Импортируем в явном виде код для функции `dress` из файла `dress_SMPL.py`. Также в функциях `dress` и `pose_garment` был добавлен аргумент `model_data` для ускорения работы модели. `model_data` – результат работы функции `get_hres_smpl_model_data()`, которая загружает SMPL модель с диска. Ее вызов в других функциях значительно замедляет работу всей модели (примерно в 3 раза, ускорение с 7.5 секунд до 2.5 секунд на обработку одного кадра видео с одним элементом Digital Wardrobe).

In [4]:
'''
Code to dress SMPL with registered garments.
Set the "path" variable in this code to the downloaded Multi-Garment Dataset

If you use this code please cite:
"Multi-Garment Net: Learning to Dress 3D People from Images", ICCV 2019

Code author: Bharat
Shout out to Chaitanya for intersection removal code
'''

from psbody.mesh import Mesh, MeshViewers
import numpy as np
import _pickle as pkl
from utils.smpl_paths import SmplPaths
from lib.ch_smpl import Smpl
from utils.interpenetration_ind import remove_interpenetration_fast
from os.path import join, split
from glob import glob

def load_smpl_from_file(file):
    dat = pkl.load(open(file, 'rb') , encoding='latin1')
    dp = SmplPaths(gender=dat['gender'])
    smpl_h = Smpl(dp.get_hres_smpl_model_data())

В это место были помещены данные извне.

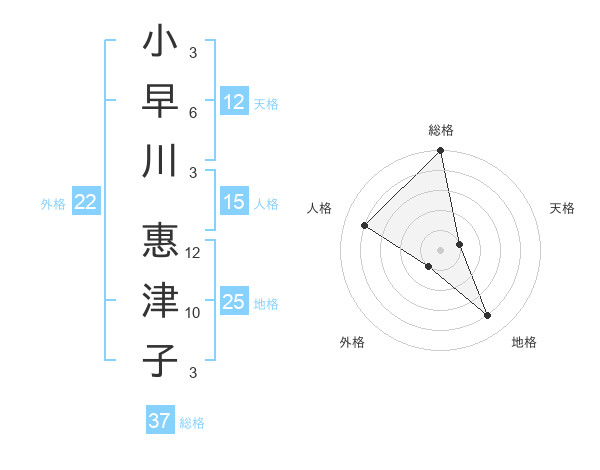 小早川 惠津子さんの総格は37画の5点!

    smpl_h.pose[:] = dat['pose']
    smpl_h.betas[:] = dat['betas']
    smpl_h.trans[:] = dat['trans']

    return smpl_h

def pose_garment(garment, vert_indices, smpl_params, model_data):
    '''
    :param smpl_params: dict with pose, betas, v_template, trans, gender
    '''
    # dp = SmplPaths(gender=smpl_params['gender'])
    smpl = Smpl(model_data)
    smpl.pose[:] = 0
    smpl.betas[:] = smpl_params['betas']
    # smpl.v_template[:] = smpl_params['v_template']

    offsets = np.zeros_like(smpl.r)
    offsets[vert_indices] = garment.v - smpl.r[vert_indices]
    smpl.v_personal[:] = offsets
    smpl.pose[:] = smpl_params['pose']
    smpl.trans[:] = smpl_params['trans']

    mesh = Mesh(smpl.r, smpl.f).keep_vertices(vert_indices)
    return mesh

def retarget(garment_mesh, src, tgt):
    '''
    For each vertex finds the closest point and
    :return:
    '''
    from psbody.mesh import Mesh
    verts, _ = src.closest_vertices(garment_mesh.v)
    verts = np.array(verts)
    tgt_garment = garment_mesh.v - src.v[verts] + tgt.v[verts]
    return Mesh(tgt_garment, garment_mesh.f)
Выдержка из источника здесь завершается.